---------- Collected data ----------

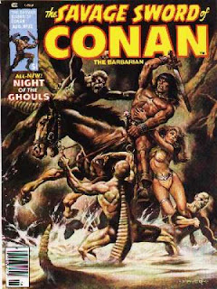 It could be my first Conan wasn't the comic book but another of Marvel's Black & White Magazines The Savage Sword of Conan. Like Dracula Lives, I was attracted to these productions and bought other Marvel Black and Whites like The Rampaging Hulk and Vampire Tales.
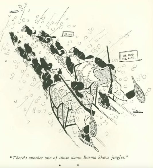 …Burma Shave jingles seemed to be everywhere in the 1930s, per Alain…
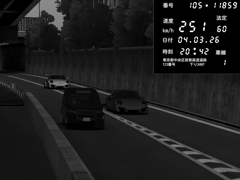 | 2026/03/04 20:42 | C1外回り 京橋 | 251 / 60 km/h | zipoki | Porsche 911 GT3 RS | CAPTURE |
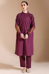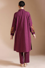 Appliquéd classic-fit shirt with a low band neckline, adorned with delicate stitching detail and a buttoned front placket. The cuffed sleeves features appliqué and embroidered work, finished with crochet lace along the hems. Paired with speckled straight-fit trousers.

----------

To do |
In the listing above, retype exactly, and only, the lines from the one containing "1930s, per Alain…" through the last line, both included. Omit the pictures.

Response |
 …Burma Shave jingles seemed to be everywhere in the 1930s, per Alain…
 | 2026/03/04 20:42 | C1外回り 京橋 | 251 / 60 km/h | zipoki | Porsche 911 GT3 RS | CAPTURE |
 Appliquéd classic-fit shirt with a low band neckline, adorned with delicate stitching detail and a buttoned front placket. The cuffed sleeves features appliqué and embroidered work, finished with crochet lace along the hems. Paired with speckled straight-fit trousers.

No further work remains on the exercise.